The purpose is brutally simple: visualize forces so you can write equations. Once you have a clean FBD, Newton's second law becomes a copy-paste job. Mess up the diagram and everything else falls apart. Physics teachers dock points like it's their job—because it is.
The Forces You Actually Deal With
Most problems involve a handful of forces. Stop memorizing obscure ones and focus on these:
- Gravity (weight) — always points down. Magnitude is mg, where m is mass and g is 9.8 m/s² on Earth.
- Normal force — perpendicular to surfaces in contact. Points away from whatever surface the object sits on.
- Tension — pulls along ropes, strings, cables. Always away from the object.
- Friction — parallel to surfaces, opposes motion or intended motion.
- Applied force — anything you push or pull with. Label it clearly.
- Air resistance — often ignored in basic problems, but shows up when asked. Opposes velocity.
Every force in an FBD must be a real, physical interaction. If you can't point to what's causing the force, it doesn't go on the diagram.
Drawing Your First Free Body Diagram
Follow these steps in order. Skipping steps is how you get problems wrong.
Step 1: Isolate the Object
Pick one object and pretend everything else doesn't exist. If the problem has a block on a ramp, you draw the block. Not the ramp. Not the table. Just the block.
Draw a simple shape—usually a rectangle or dot—at the center of your page. Use pencil. You're going to erase a lot.

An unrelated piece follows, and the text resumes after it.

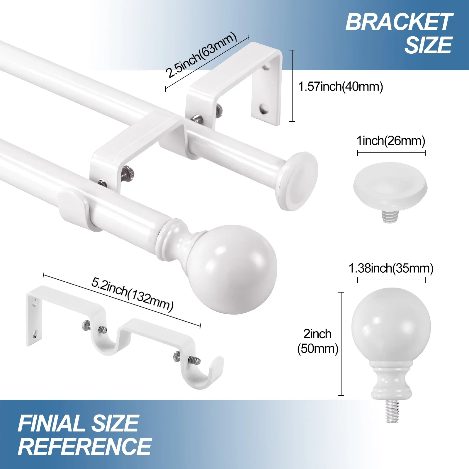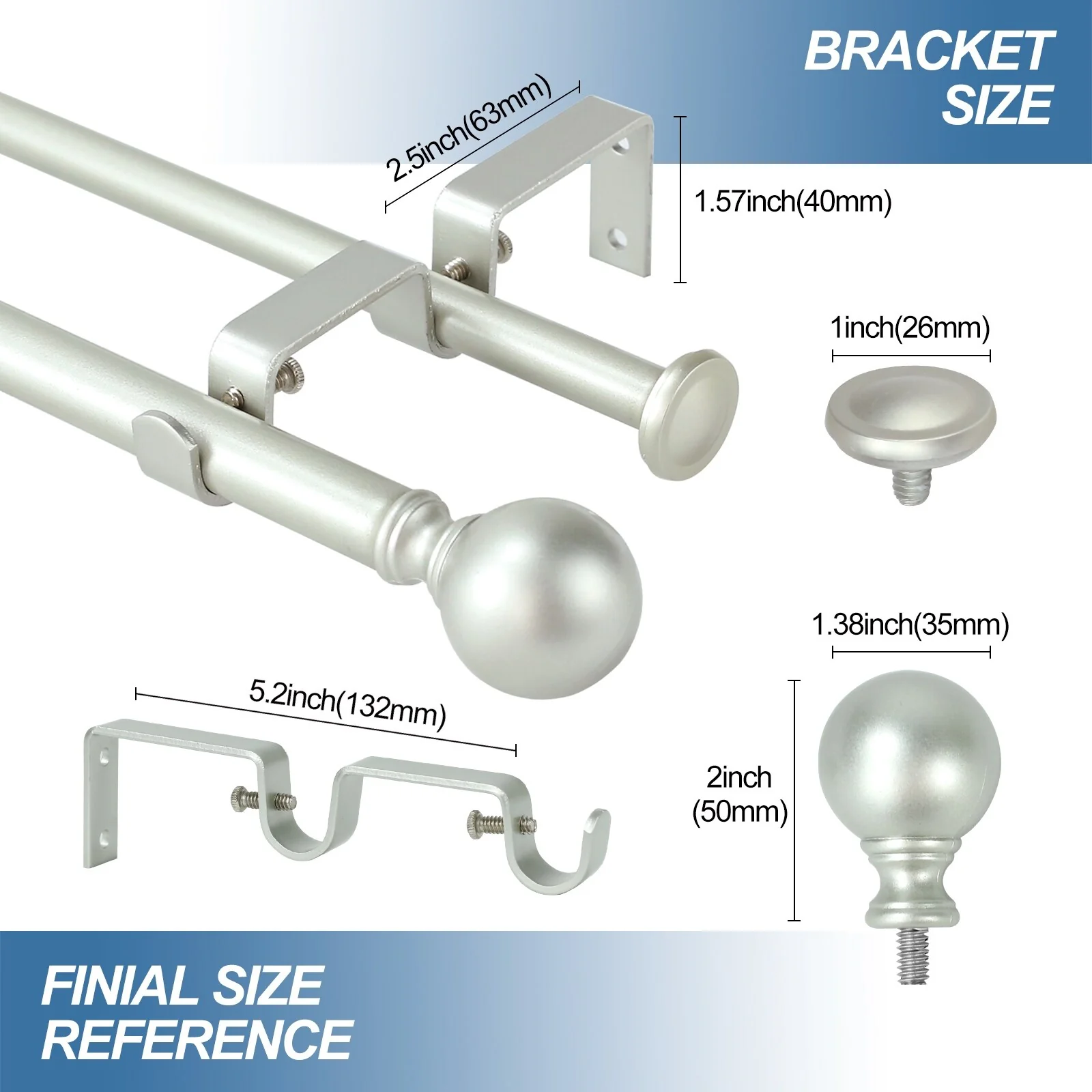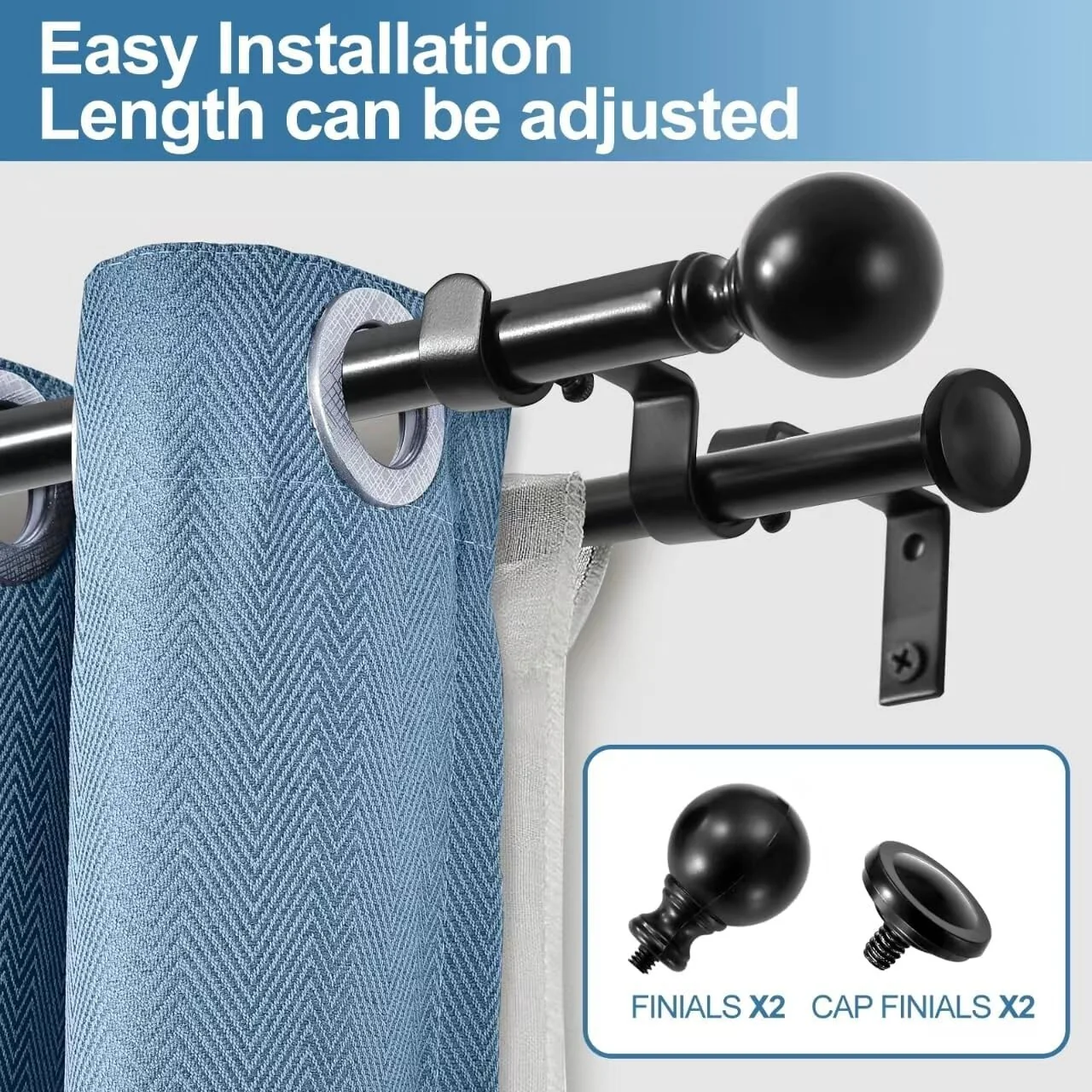 Round Ball Designer Double Drapery Adjustable Curtain Rod & Hardware
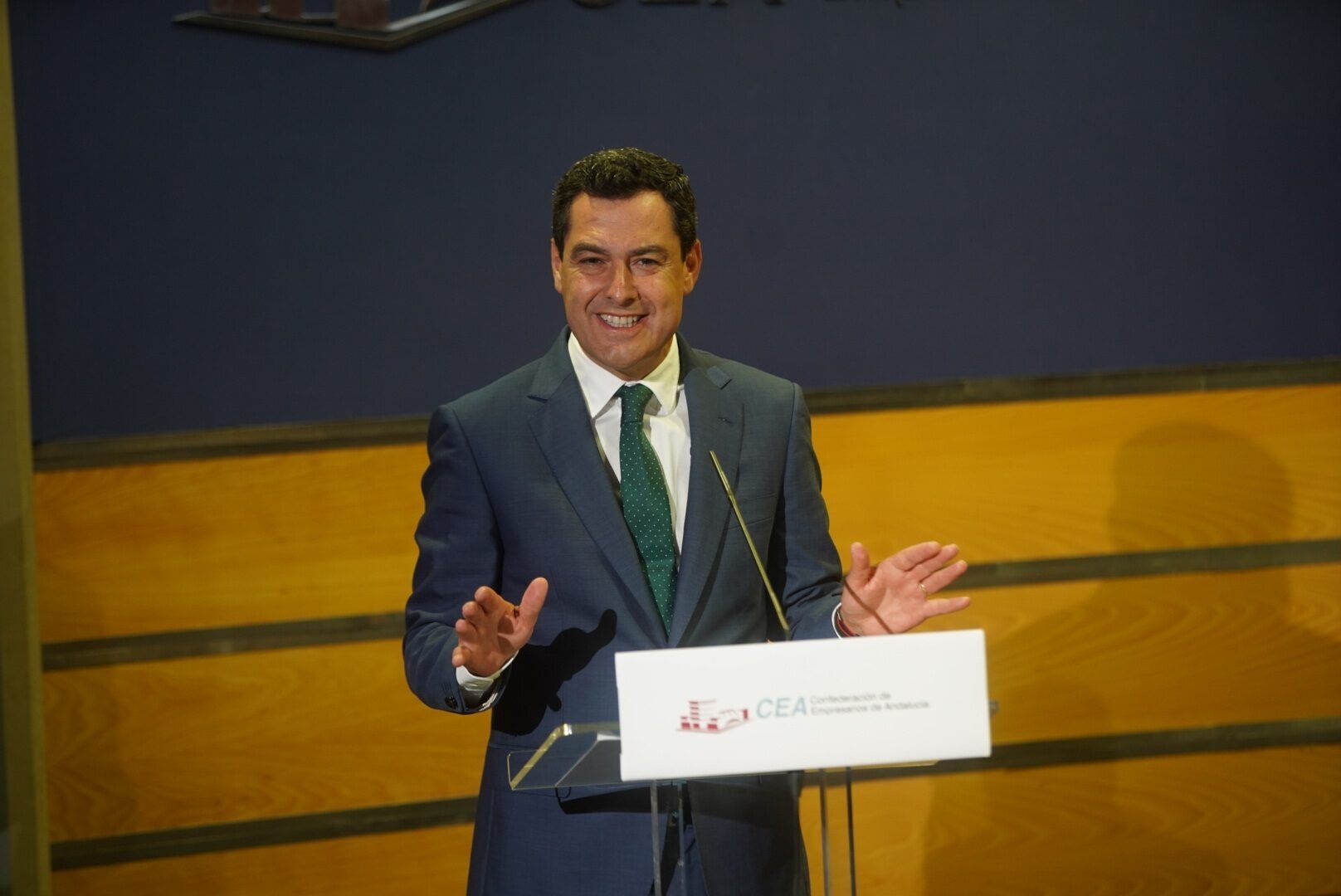 En un acto en la Confederación de Empresarios de Andalucía (CEA) en el que Juanma Moreno ha intervenido junto al líder del PP nacional y la exministra de Trabajo y actual presidenta de la Fundación CEOE, Fátima Báñez, el candidato a la reelección como presidente de la Junta de Andalucía ha prometido seguir la senda marcada por la Comunidad de Madrid y continuar la bajada de impuestos que su Gobierno impulsó desde que llegó al Palacio de San Telmo.

Step 2: Identify Every Force
Go through this checklist for every problem:
- Is gravity pulling on it? Yes, unless specified otherwise.
- Is it touching something? Add a normal force perpendicular to the surface.
- Is something pulling it? Add tension or an applied force.
- Is it moving or trying to move? Add friction parallel to the surface.
Step 3: Draw Arrows From the Center
Every force arrow starts at the object's center of mass and points away from the object. The arrow direction shows where the force pushes or pulls. Arrow length should roughly match force magnitude—but don't break out a ruler unless the problem gives exact values.
Weight goes down. Normal force goes up. Tension goes wherever the rope goes. Friction opposes motion. Applied force goes wherever you're pushing.
Step 4: Label Everything
Write the force name next to each arrow. Use standard notation:
- Gravity = W or Fg
- Normal force = N or FN
- Tension = T
- Friction = f
- Applied force = Fa
No labels means no credit. Physics teachers aren't mind readers.
Common Mistakes That Cost You Points
These errors show up constantly. Stop making them.
- Drawing forces on multiple objects. One diagram per object. If the problem has two blocks, you draw two separate diagrams.
- Including the ground pushing the object. The ground doesn't push. The contact surface exerts a normal force. Different thing.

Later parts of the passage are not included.